If upgrading isn't an option, you can get KSK-2017 added to the Recursor using the Lua interface. You can establish whether the Lua feature is available using the following command:
pdns_recursor --version
The Lua command itself is then as follows:
addDS('.', "20326 8 2 E06D44B80B8F1D39A95C0B0D7C65D08458E880409BBC683457104237C7F8EC8D")
The command can be added to the start-up sequence in the form of a script.
The new key can be added without restarting the resolver (so that the cache is not lost) by using this command:
rec_control add-ta . 20326 8 2 \ E06D44B80B8F1D39A95C0B0D7C65D08458E880409BBC683457104237C7F8EC8D
To ensure that the new trust anchor is still used after any subsequent resolver restart, you would also need to add the Lua script.
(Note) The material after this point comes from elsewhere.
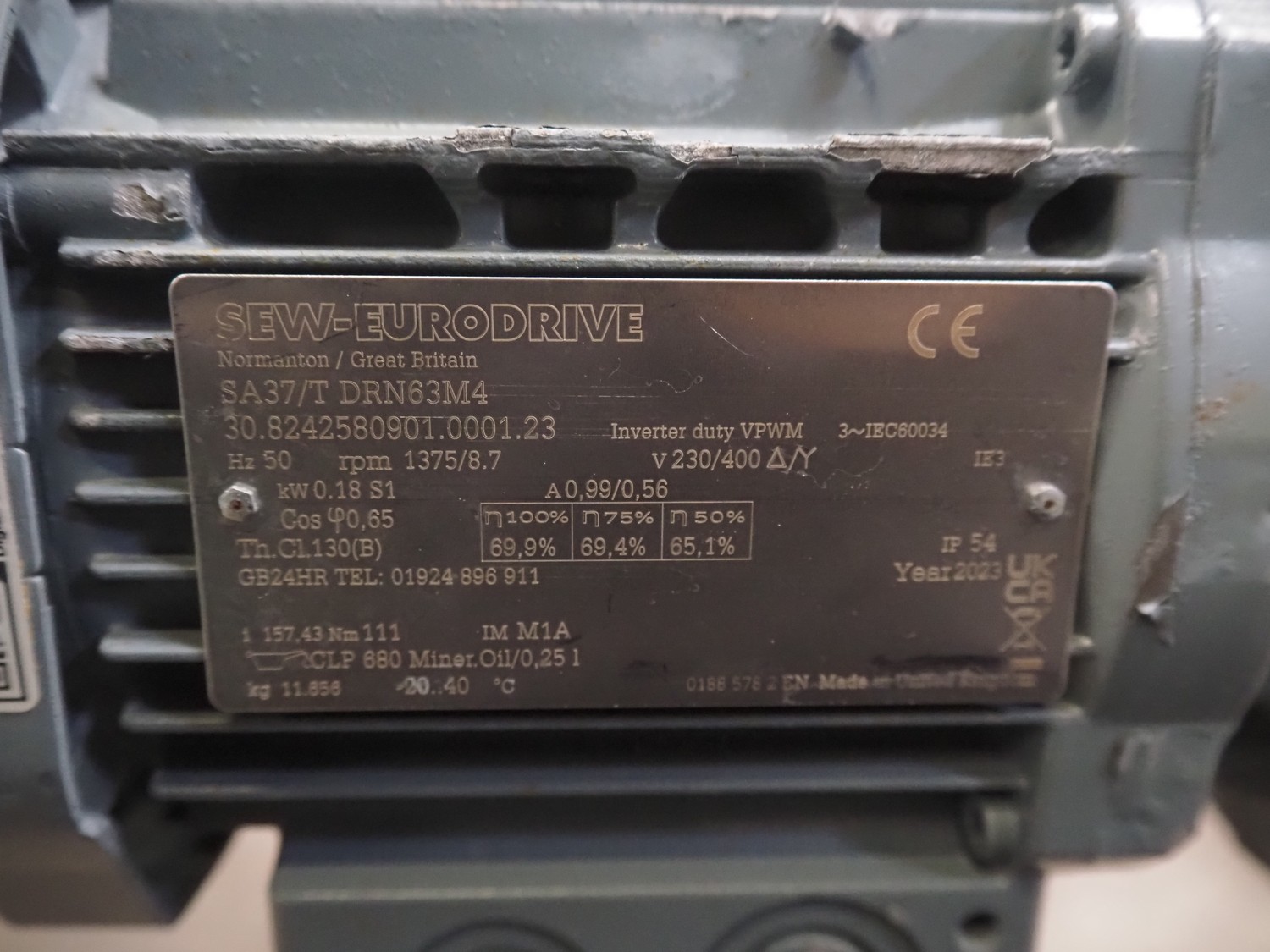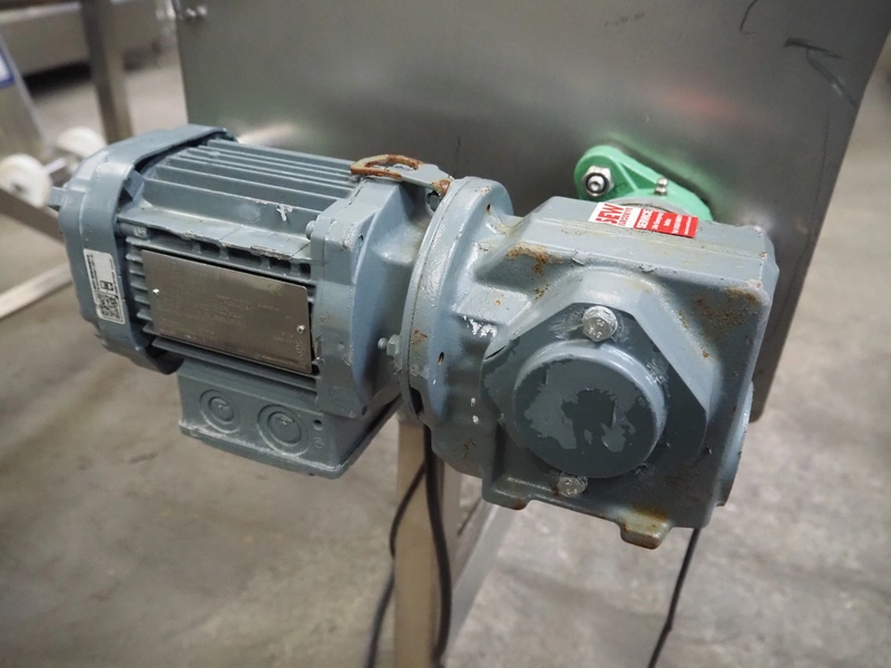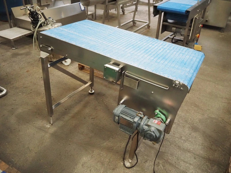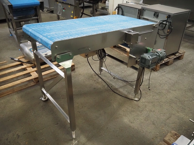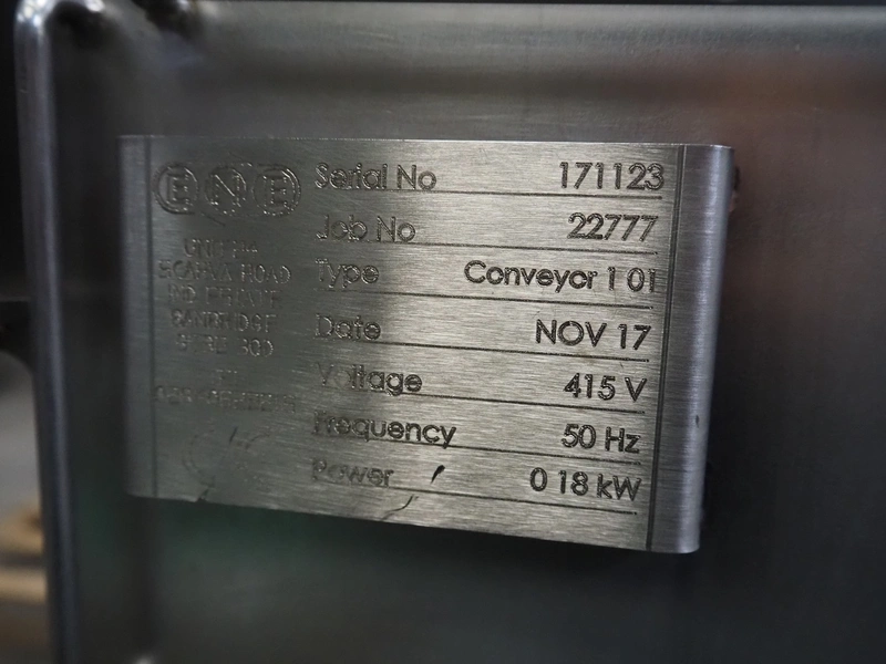 ENE transport belt, type: Conveyor 1 01, serial number: 171123, year of construction: 11/2017, 415 V, 50 Hz, 0.18 kW, plastic belt, belt width: 610 mm, total dimensions: 1270 mm x 900 mm x 950 mm.

Finally, this command can be used to find out what trust anchors the Recursor is currently using:
rec_control get-tas
Windows DNS Server
Microsoft introduced an initial, limited version of DNSSEC as part of Windows Server 2008 (DNS Server) and Windows 7 (includes the DNS client, a stub resolver). According to Martin Vliem, National Security Officer at Microsoft Netherlands, DNS Server is used mainly in 'split DNS' configurations to facilitate Active Directory. For such internal zones, DNSSEC isn't an option, because they are always dynamic.
Vliem says that there are very few old configurations with DNSSEC validation, since validation has to be explicitly enabled on both the server and the client. Furthermore, the initial version of DNS Server supported only SHA-1, meaning that it cannot validate the root zone (signed with SHA-2); it can validate only SHA1-based islands of trust. Another significant consideration is that, for extra security, DNS Server also performs validation itself if the client does not request it.
From Windows Server 2012, DNS Server features a complete DNSSEC implementation, including support for RFC 5011. Therefore only operators of older systems need to check whether their servers perform DNSSEC validation. If so, the new KSK-2017 will need to be added to the system manually as a trust anchor. That involves adding a DNSKEY record to the file %windir%\System32\DNS\TrustAnchors.dns using the DNS Manager or the Dnscmd.exe tool. Trust anchors installed on a domain controller are saved in the forest directory partition of the Active Directory Domain Services (AD DS) and are automatically distributed to all domain controllers in the forest.
Installations may differ in practice
The information presented above about the various resolver software packages and their configurations is intended merely to explain the basic situation. In practice, an installation may differ considerably from those described, e.g. if the maintainer of an OS distribution has added KSK-2017 to their package as a trust anchor. There is also the possibility of an installation running a new version of the resolver software, but with an outdated configuration. In that case, the best approach is to upgrade the configuration to the current software version.
Automatic installation of the new trust anchor on the basis of RFC 5011 will be considered in a follow-up article, as will testing to verify that everything is working properly.